Correlating multiple behaviors together is an effective way to increase confidence and express more complex TTPs.

For example, successive failed logins, followed by one successful login, followed by creating a user. This could reveal persistence.

Correlating involves multiple datasets analyzed historically but can add additional dimensions to your alerts that increase confidence.

External enrichment

Context is king with monitoring.

To understand that Jack is a CEO, and it’s atypical for him to log into Production, you need an enrichment from a dynamic lookup table. These can be achieved by periodically syncing data from an HR system and then enriching your log data. This business-level context can greatly reduce your false positive rate.

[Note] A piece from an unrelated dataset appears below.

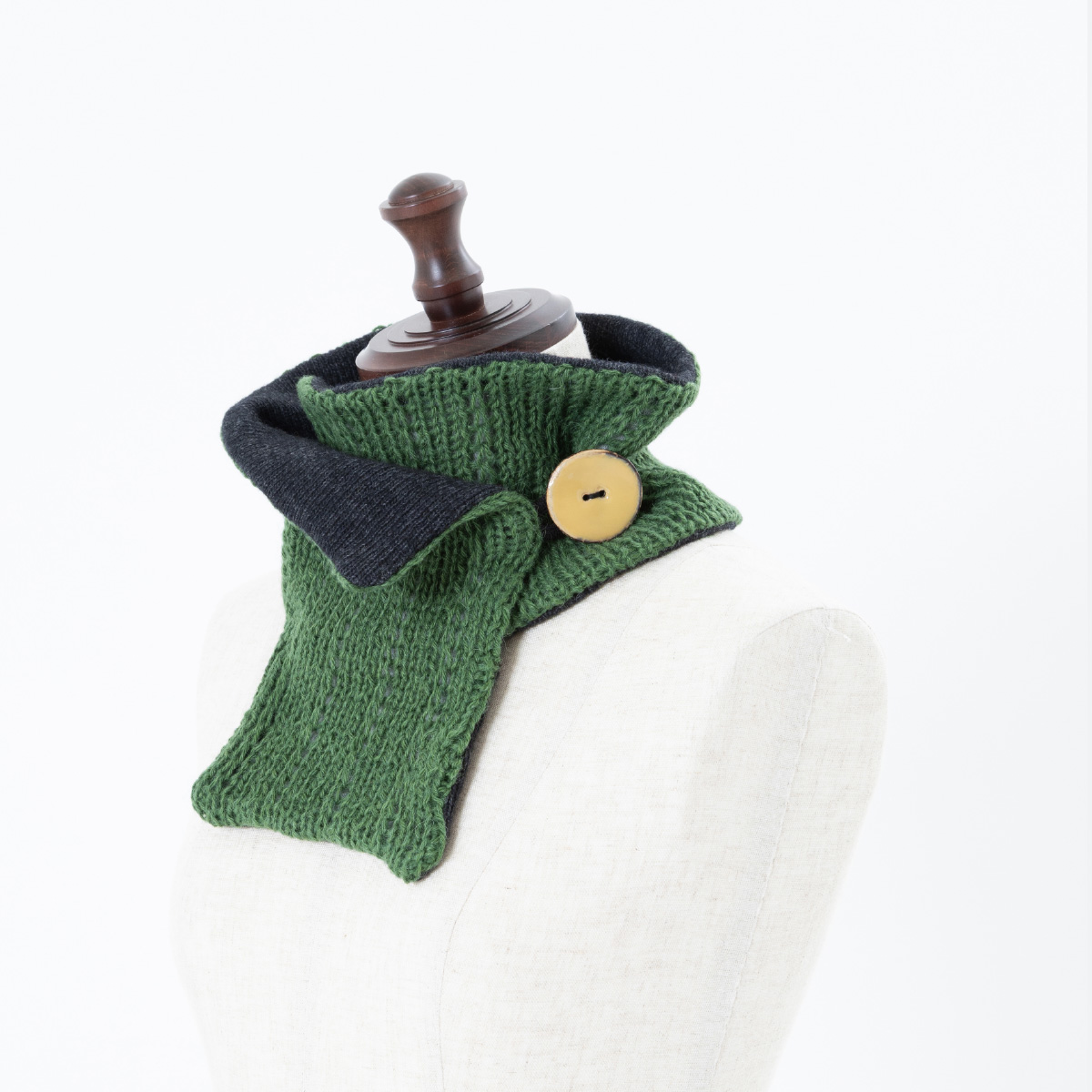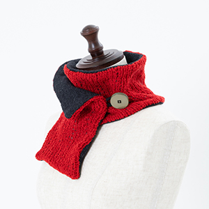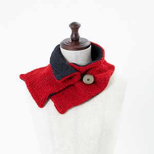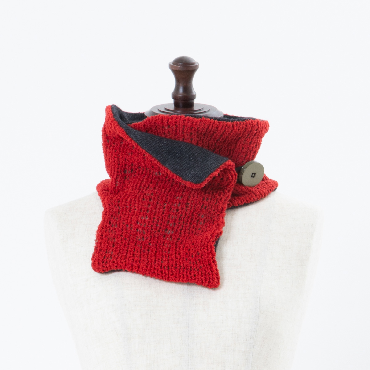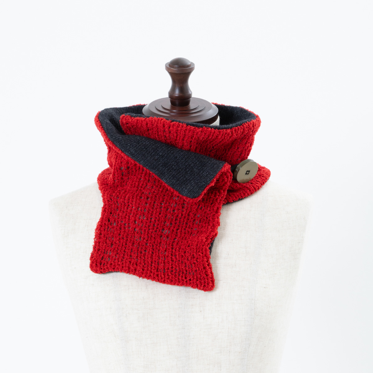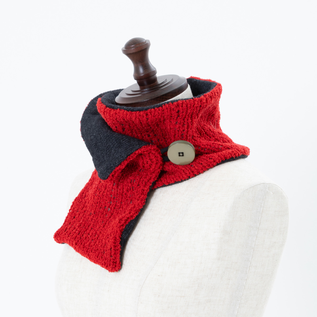 発色のいい糸で手編みをした、ミニサイズのマフラー。首にキチンとそって、とても軽い。大きなボタンがポイント。向きを変えると形も変わるデザイン。付けエリのように使ったり、スカーフのようにエリから覗かせたり、室内で付けていても違和感がない、燐の可愛いマフリン。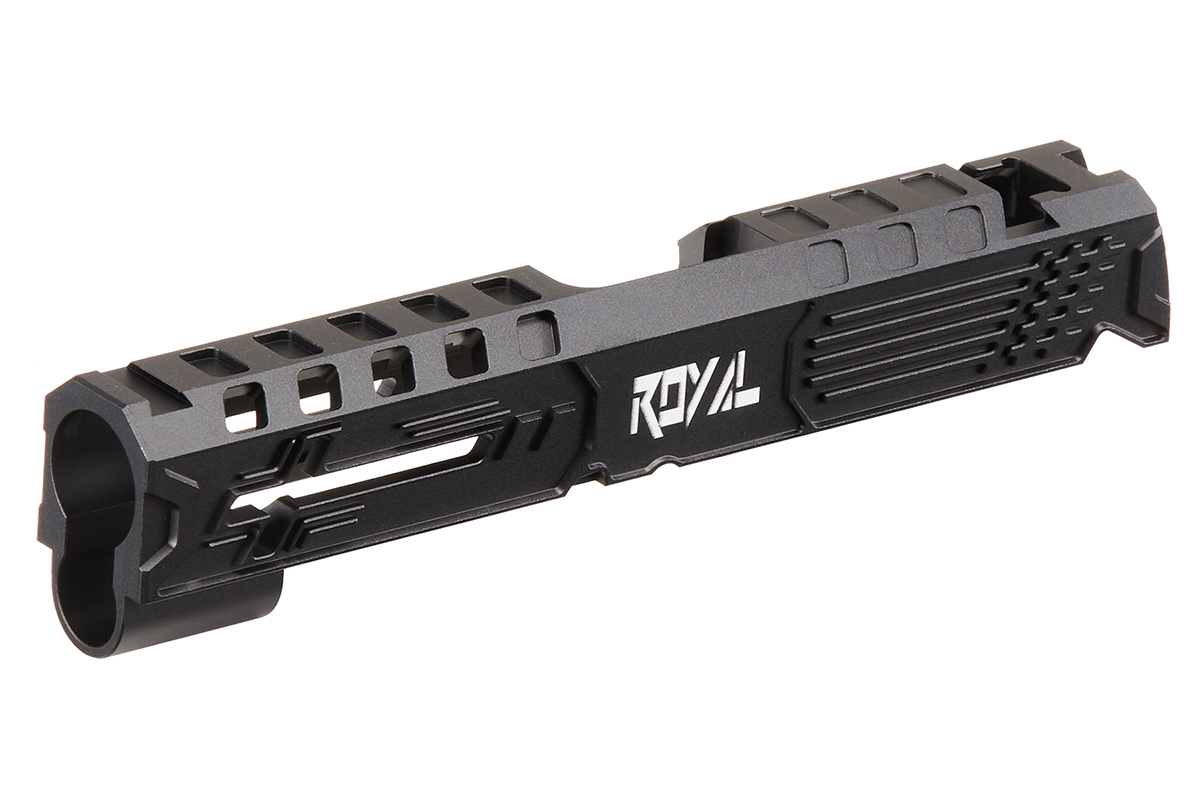 The Dr. Black Royal Aluminum Slide is the ultimate upgrade for Tokyo Marui 4.3 Hi-CAPA GBB pistols, designed for airsoft enthusiasts who demand both style and performance. This premium slide is crafted from high-quality, lightweight aluminum, offering exceptional durability and improved responsiveness. Its precision engineering ensures a perfect fit, while the weight-reducing cut holes give your pistol a sleek, modern look and superior handling on the field.

Similarly, another form of external enrichment is Threat Intelligence. You should rarely use Threat Intelligence as a primary mechanism for alerting, however. It’s highly false positive-prone because atomic indicators are too dynamic. The best way to use it is in conjunction with other behaviors (user “x” performed action “y”) as a way of increasing confidence. There are exceptions here, obviously, such as previously observed or ongoing indicators in an attack.

Start slow and gradually ramp

As defenders, effective and proactive detection involves pragmatic collection, analysis, and correlation in log data. Start with what matters the most, have a high bar for fidelity, and only augment with discipline to cover your threat model.

There is no foolproof way to “find the breach,” but many tools are at our disposal to increase our confidence and abilities. Practice monitoring in-depth, use the techniques I described above to pare down your alerts, and be extra vigilant about what you ask a human to do!